There are many things that can be done working from home. A few of them is listed below that will give you a general idea about the benefits of this concept.

This is the most common and highly preferred job that Women & Men like doing. Since in today's competitive world both the parents have to work they need a secure place to leave behind their children who will take care of them and parents can also relax without being worried all the time. In this job you don't require any degree or qualifications. You only have to know how to take care of children. Parents are happy to pay handsome salary and you can also earn a lot without putting too much of an effort.

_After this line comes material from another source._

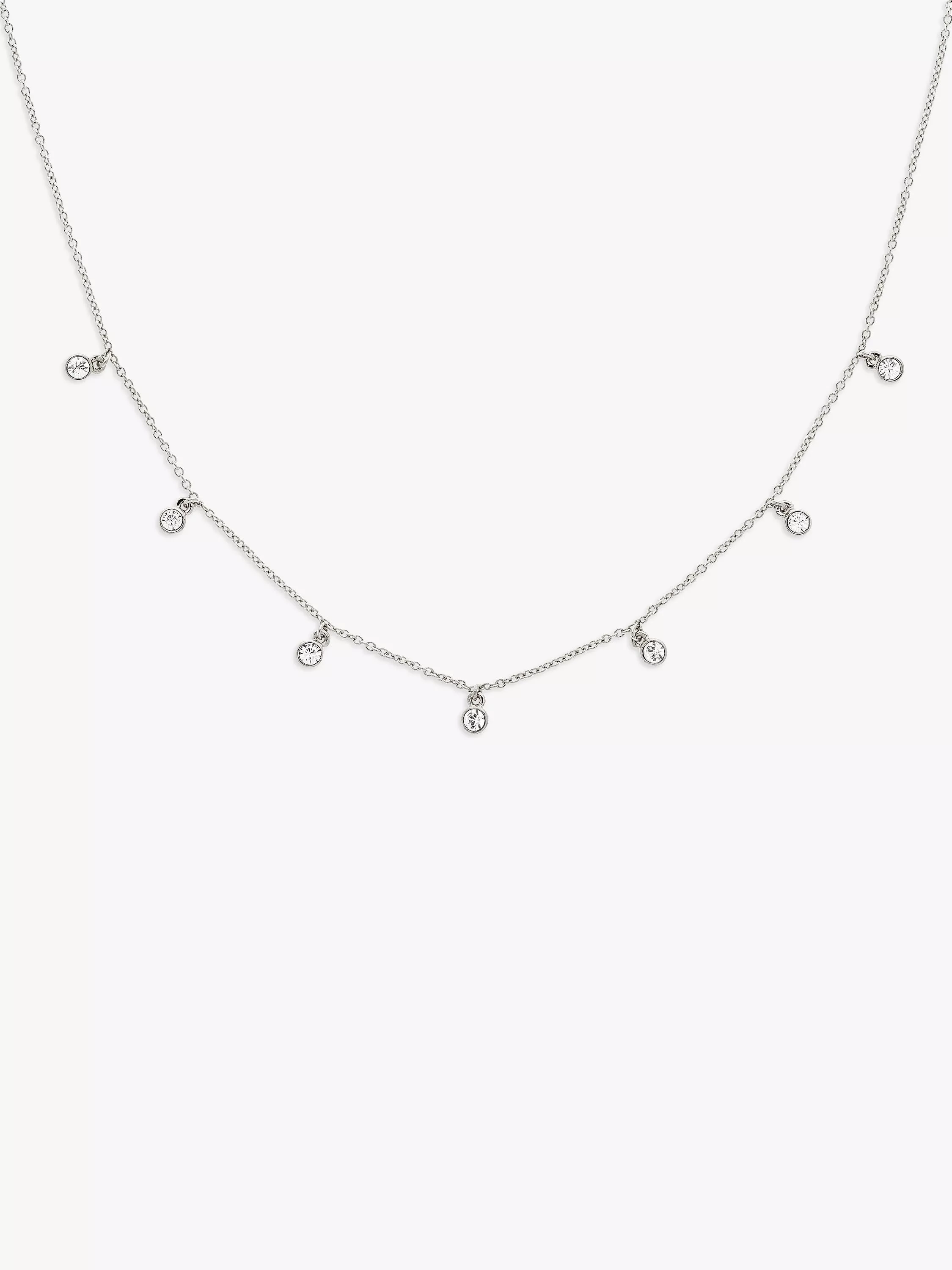 The chain is slender and fine and suspends faceted glass crystals in a rub-over setting that implies a teardrop shape. The piece will look great both on a roll-neck jumper and an open-neck blouse.
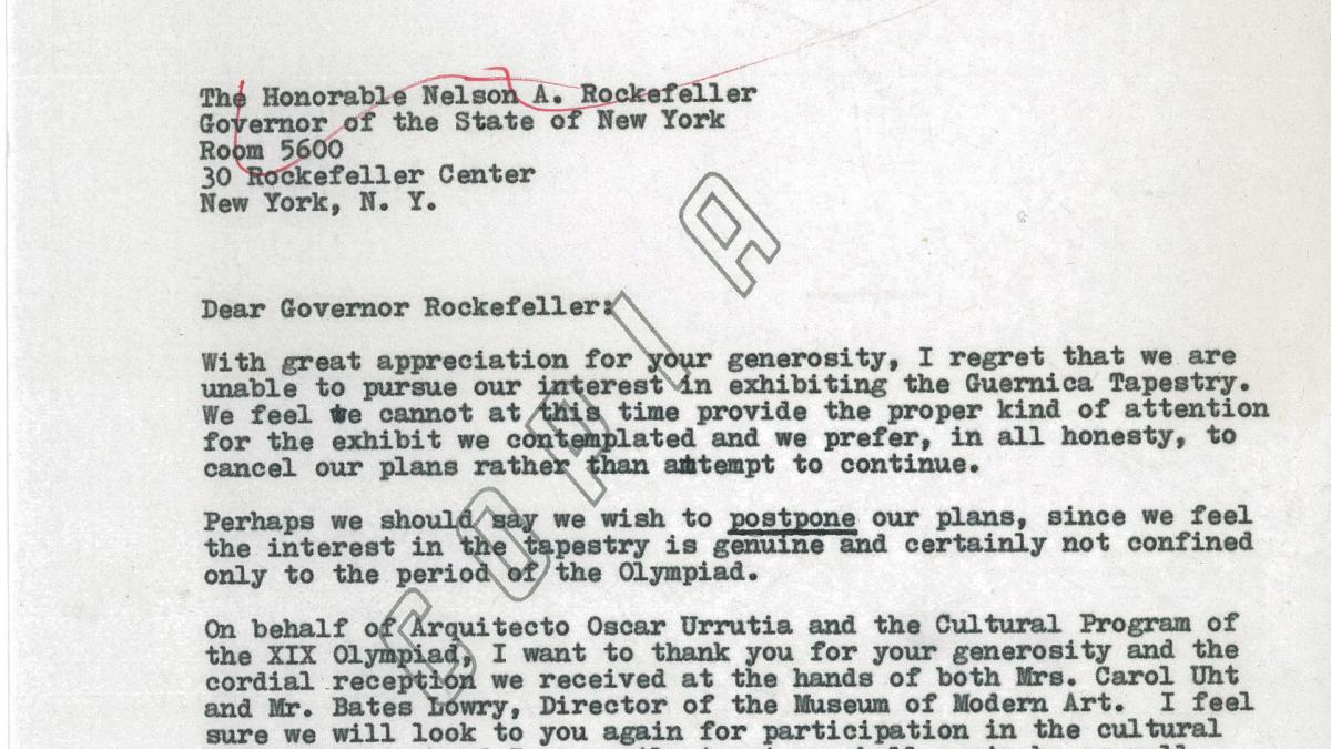 Rachmael ben Avram, coordinador del servicio de prensa internacional de los Juegos Olímpicos de México 1968, comunica a Nelson Rockefeller la cancelación de los planes de exponer la réplica de Guernica en tapiz en las Olimpiadas al no poder asegurar las medidas de seguridad necesarias.

For those who have a garden or an open space at your disposal and are also interested in gardening can go for this method of earning money. If given proper time and efforts nursery business can flourish very well and you will earn handsomely. But just as all jobs establishing it will be a bit difficult but the end results are outstanding.

Freelance can be in different wings. Either you can be a freelance reporter or a freelance photographer. You can also do designing or be in the advertising field doing project on your own. Being independent and working independently will depend on your field of work and the availability of its worth in the market. If you like doing jewellery designing you can do that at home totally independently. You can also work on freelancing as a marketing executive working from home. Wanna know more, email us on workfromhome.otr214427@gmail.com and we will send you information on how you can actually work as a marketing freelancer.

Internet related work
This is a very vast field and here sky is the limit. All you need is a computer and Internet facility. Whatever field you are into work at home is perfect match in the software field. You can match your time according to your convenience and complete whatever projects you get. To learn more about how to work from home, contact us today on workfromhome.otr214427@gmail.comand our team will get you started on some excellent work from home projects.

Diet food
Since now a days Women & Men are more conscious of the food that they eat hence they prefer to have homemade low cal food and if you can start supplying low cal food to various offices then it will be a very good source of income and not too much of efforts. You can hire a few ladies who will help you out and this can be a good business.

Thus think over this concept and go ahead.